### RAW DATA
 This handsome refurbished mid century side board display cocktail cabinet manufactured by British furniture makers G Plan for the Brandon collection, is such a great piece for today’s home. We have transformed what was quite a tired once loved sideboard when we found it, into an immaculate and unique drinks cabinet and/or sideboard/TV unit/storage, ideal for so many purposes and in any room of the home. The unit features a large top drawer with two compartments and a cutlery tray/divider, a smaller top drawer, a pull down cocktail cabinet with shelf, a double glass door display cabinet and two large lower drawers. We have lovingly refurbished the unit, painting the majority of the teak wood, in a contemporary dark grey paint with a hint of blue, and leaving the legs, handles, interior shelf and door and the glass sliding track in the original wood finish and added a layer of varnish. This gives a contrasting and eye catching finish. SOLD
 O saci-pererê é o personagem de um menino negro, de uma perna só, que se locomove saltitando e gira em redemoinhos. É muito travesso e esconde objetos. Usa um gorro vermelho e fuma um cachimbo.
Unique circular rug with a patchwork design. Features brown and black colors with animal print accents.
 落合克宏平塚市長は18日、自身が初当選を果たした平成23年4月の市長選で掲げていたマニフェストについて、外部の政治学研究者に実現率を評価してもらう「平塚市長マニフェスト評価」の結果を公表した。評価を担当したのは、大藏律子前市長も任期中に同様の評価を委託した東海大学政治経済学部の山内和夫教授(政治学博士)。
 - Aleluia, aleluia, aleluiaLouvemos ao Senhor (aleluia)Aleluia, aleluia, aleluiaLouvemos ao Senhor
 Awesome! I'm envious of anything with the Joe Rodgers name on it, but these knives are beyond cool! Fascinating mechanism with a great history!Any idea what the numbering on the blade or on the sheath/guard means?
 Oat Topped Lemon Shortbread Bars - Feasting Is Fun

--

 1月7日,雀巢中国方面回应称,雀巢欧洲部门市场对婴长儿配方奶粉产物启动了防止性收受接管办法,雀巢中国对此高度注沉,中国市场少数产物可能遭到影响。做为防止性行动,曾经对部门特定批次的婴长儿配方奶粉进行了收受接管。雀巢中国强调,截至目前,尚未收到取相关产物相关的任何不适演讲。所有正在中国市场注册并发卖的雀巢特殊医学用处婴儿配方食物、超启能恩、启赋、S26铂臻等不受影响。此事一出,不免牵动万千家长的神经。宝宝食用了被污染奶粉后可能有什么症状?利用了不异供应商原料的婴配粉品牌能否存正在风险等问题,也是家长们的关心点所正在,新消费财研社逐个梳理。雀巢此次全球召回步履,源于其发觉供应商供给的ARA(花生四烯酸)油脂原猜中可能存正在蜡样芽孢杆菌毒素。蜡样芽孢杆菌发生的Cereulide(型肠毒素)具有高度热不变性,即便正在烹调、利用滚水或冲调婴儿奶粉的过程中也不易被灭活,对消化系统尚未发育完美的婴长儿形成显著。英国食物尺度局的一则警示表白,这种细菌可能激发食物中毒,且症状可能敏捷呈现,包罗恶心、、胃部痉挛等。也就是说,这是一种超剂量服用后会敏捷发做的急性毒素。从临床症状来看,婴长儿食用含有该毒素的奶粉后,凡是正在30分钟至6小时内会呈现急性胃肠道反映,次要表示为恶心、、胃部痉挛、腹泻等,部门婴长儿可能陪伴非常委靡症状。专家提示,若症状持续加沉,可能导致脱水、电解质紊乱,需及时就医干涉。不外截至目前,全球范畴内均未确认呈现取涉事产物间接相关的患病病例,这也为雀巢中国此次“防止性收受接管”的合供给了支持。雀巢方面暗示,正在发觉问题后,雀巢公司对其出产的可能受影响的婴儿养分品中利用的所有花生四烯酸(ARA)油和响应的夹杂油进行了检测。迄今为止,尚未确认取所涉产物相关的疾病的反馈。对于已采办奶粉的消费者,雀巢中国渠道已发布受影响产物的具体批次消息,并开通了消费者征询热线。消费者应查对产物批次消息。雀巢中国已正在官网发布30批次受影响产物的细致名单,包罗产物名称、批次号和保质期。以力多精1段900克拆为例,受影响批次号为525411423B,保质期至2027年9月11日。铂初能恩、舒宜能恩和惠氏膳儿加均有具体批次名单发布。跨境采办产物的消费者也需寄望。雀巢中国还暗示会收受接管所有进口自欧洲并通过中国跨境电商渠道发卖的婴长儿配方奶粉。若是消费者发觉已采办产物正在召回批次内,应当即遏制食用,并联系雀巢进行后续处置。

---

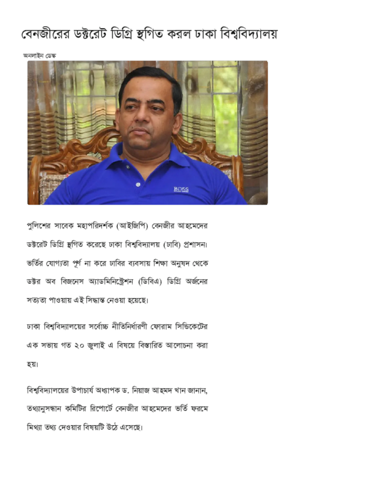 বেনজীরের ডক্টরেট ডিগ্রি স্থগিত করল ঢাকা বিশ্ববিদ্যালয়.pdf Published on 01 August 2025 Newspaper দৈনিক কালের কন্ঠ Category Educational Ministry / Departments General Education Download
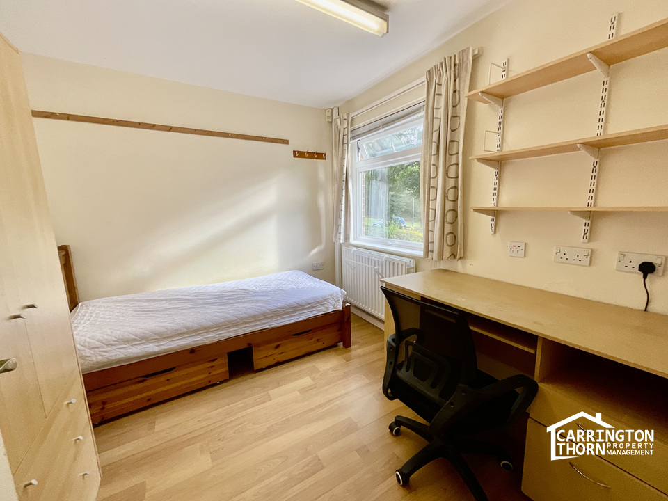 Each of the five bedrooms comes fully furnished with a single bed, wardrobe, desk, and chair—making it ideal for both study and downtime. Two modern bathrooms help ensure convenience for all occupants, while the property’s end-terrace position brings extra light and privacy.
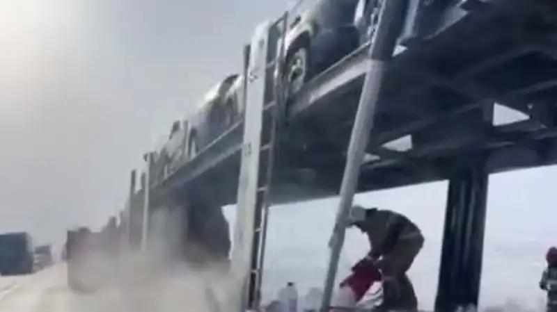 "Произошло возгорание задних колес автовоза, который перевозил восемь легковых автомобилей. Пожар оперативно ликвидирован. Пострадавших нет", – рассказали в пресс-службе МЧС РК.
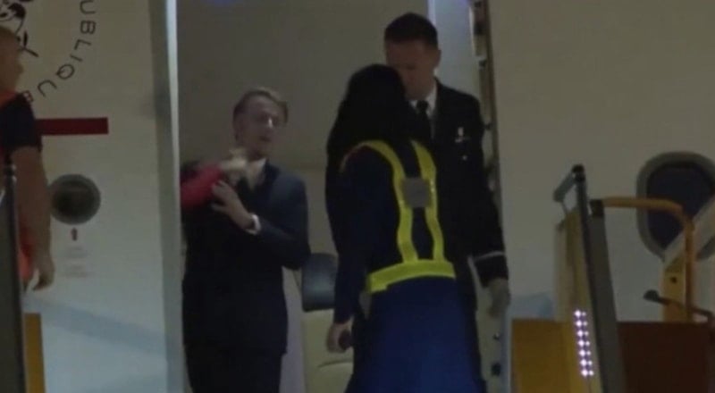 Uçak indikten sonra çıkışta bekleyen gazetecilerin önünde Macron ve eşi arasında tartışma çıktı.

### DIRECTIONS
Proceeding from the line containing "O saci-pererê é" through the line containing "Oat Topped Lemon", transcribe the lines above exactly, both end lines included.

### SOLUTION TO THIS PROBLEM
 O saci-pererê é o personagem de um menino negro, de uma perna só, que se locomove saltitando e gira em redemoinhos. É muito travesso e esconde objetos. Usa um gorro vermelho e fuma um cachimbo.
Unique circular rug with a patchwork design. Features brown and black colors with animal print accents.
 落合克宏平塚市長は18日、自身が初当選を果たした平成23年4月の市長選で掲げていたマニフェストについて、外部の政治学研究者に実現率を評価してもらう「平塚市長マニフェスト評価」の結果を公表した。評価を担当したのは、大藏律子前市長も任期中に同様の評価を委託した東海大学政治経済学部の山内和夫教授(政治学博士)。
 - Aleluia, aleluia, aleluiaLouvemos ao Senhor (aleluia)Aleluia, aleluia, aleluiaLouvemos ao Senhor
 Awesome! I'm envious of anything with the Joe Rodgers name on it, but these knives are beyond cool! Fascinating mechanism with a great history!Any idea what the numbering on the blade or on the sheath/guard means?
 Oat Topped Lemon Shortbread Bars - Feasting Is Fun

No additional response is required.